So, you’ve found yourself sick of grabbing your glasses, your contacts are driving you crazy, and you’re looking for an end to the seemingly infinite cycle of eye doctor appointments. As cliché as it might sound, I assure you, you’re not alone, and there is an answer that may potentially free you; LASIK. As an eye specialist, I can’t tell you how often I’ve heard the familiar sounds of, “What is it?” “How does it work?” and “Will it work for me?” echoed through my office. My answer is always the same: LASIK is a surgical procedure that reshapes the cornea of your eye to improve your vision, but the procedure is not for everyone. So, how can you tell if LASIK is even an option for you? Obviously, we can’t just perform the procedure on everyone and take a tally of who can see better versus who can’t, so how do we find out beforehand? I’d like to talk about this today so that you, dear readers, can answer for yourself, “Is LASIK right for me?”
What Is LASIK?
As I mentioned earlier, Laser-Assisted In Situ Keratomileusis, better known as LASIK, is a surgical procedure wherein the cornea of the eye is reshaped to better redirect light and improve vision. It begins with a regimen of measurements and eye health evaluations, which your doctor will use to plan your procedure. You will be offered a mild sedative, which is purely optional, before being taken to the laser suite. The procedure starts with some numbing eye drops to keep you comfortable throughout the procedure. You will be asked to simply focus your vision on a blinking, colored light.

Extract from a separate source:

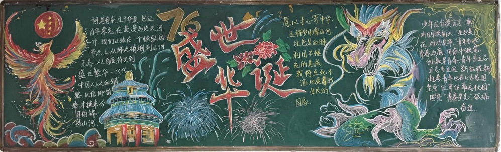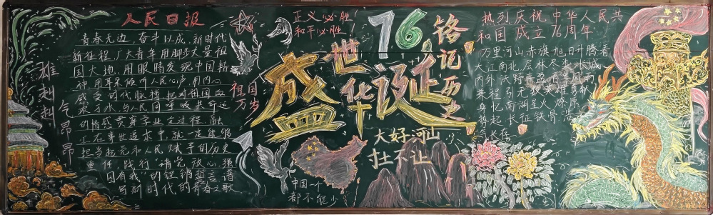 活动启动后,各班级迅速组建创作小组,展开热烈讨论与周密策划。从主题内涵挖掘到版面设计构思,从素材搜集整理到分工协作执行,同学们充分发挥创造力与凝聚力。创作现场,同学们分工明确、默契配合!有的班级以“盛世华诞”为核心,用七彩凤凰与祥云龙纹为视觉焦点,搭配天坛建筑、烟花图案,将“从烽火硝烟到盛世繁华”的历史变迁融入文字,在色彩碰撞间传递出对祖国发展的自豪;有的班级则聚焦“铭记历史 守护山河”,以金色巨龙、祖国版图和巍峨群山为元素,结合“正义必胜 和平必胜”的铿锵话语,展现青年对家国山河的赤诚担当。经过评委组从主题契合度、艺术表现力、内容丰富性等维度的综合评定,最终评选出一等奖3名、二等奖6名三等奖9名共18个获奖班级。

The procedure consists of two separate lasers designed to do very specific jobs during your procedure. The first laser is used to make a small incision in the eye to create a thin flap of tissue. This flap is folded back to reveal the cornea underneath, allowing the second precision laser to pulse and reshape the area. Once the reshaping is complete, the tissue flap is returned to its original position, and you are done. In less than ten minutes, your vision is restored and most are able to read the road signs while someone drives them home.
8 Factors to Consider
Like any surgical procedure, there are a number of factors that can alter its viability and effectiveness. Some of these factors are of small concern, while others are enough to affect your candidacy altogether.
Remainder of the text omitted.